Lowell sighed and shook his head. "God, Judy! You are hysterical! Nobody killed Colleen. She committed suicide!"

"Edith even described holding her under the water while she drowned!"

"She what?"

Judy repeated herself.

Lowell scowled. "Figure of speech. Imagination. She was telling how it would be if you tried to drown a witch. That's all, Judy!" He whirled and paced to the end of the room and back, staring at the floor as he did. He stooped before her and glanced up. He started and shook his head, then rubbed his eyes. "Goddamn it, Judy! Every time! Just now! You're Colleen sitting there!"

"I'm Colleen's daughter." 'You're not!"

"I am. I'm the child she had three years before you came here to live."

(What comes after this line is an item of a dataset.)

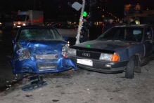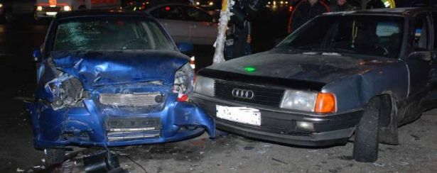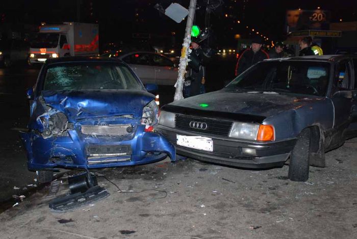 Вчера, в 15 часов 40 минут, в Киеве на перекрестке улиц Харьковское шоссе - Кунанбаева водитель автомобиля Chevrolet Aveo при выполнении обгона не удостоверился в безопасности маневра, выехал на полосу встречного движения, где допустил столкновение с автомобилем Audi 100.

"Judy, what makes you think...."

"I don't think, I know." She gazed soberly into his eyes. "And Sarah knows and Colleen knew." She leaned forward and whispered urgently. "Edith knows, too! Don't you see? She hated Colleen and killed her! And she sees my mother in me, and she's going to kill me!"

"You go down to the table thinking that way and we've got real trouble, Judy." He grinned tightly. "Only one way I know to take a woman's mind off something she can't shake off. And we've got time."

She knew exactly what he meant. A hard, eager thrill washed over her. Just as Lowell had been the first, that day in the woods, he'd be the first to fuck her in her apartment. She'd have preferred it to be Mike, but there was a sort of neat justice about its being Lowell.

He glanced quickly around. "Look, we don't want to risk waking Mother. Shall we sneak down to the library?"

"Ooh, let's! I know a secret way!"

"So do I. Colleen showed it to me when I was fifteen." He started toward the bedroom.

Judy giggled. "You're going to have to work for it. I took up the platform."

"That what? Oh, yeah! What the hell did you do with it?"

She showed him the boards under her bed and he took them to the closet. In a moment, he had them re-laid and stepped onto them.

'I'll go first. Just in case you slip."

At the bottom of the ladder, he raised the lever that opened the panel into the library cupboard. Together, they crowded into the tiny closet while he closed the panel, then he pushed the door of the cupboard open and stepped noiselessly out.

He whispered to her. "Stay here while I see if anybody's out there."

She peeked, watching him move along the bookcase with a quick, silent stride. His confident carriage suggested he had little concern over anybody's being in the library. He didn't even stop to peer around the end of the shelves before stepping into the open. But he came to a sudden, startled stop the moment he had cleared the protection of the "stacks" and jerked abruptly back behind them. Slowly and cautiously, he backed toward Judy. Before she could question him, he put his finger to his lips and shook his head. He held her hand and waited without a word. Soon, they heard the main door close and Lowell released a great sigh.

"Jesus, Mary and Joseph! Almost blew it!"

"You didn't think anybody would be here, did you."

"No." He grinned ruefully. "That Goddamn Mike! Son of a bitch looked right at me! Damn good thing he's so wrapped up in his own thoughts! Didn't even see me ... just picked up whatever it was he wanted out of the desk and started out."

"He didn't even see you?" she asked in disbelief.

He laughed. "Look right at me! Not a flicker of awareness. Can you imagine that?" He squeezed her hand. "Be with you in a second. We don't want any visitors." And he left her, going to lock the doors.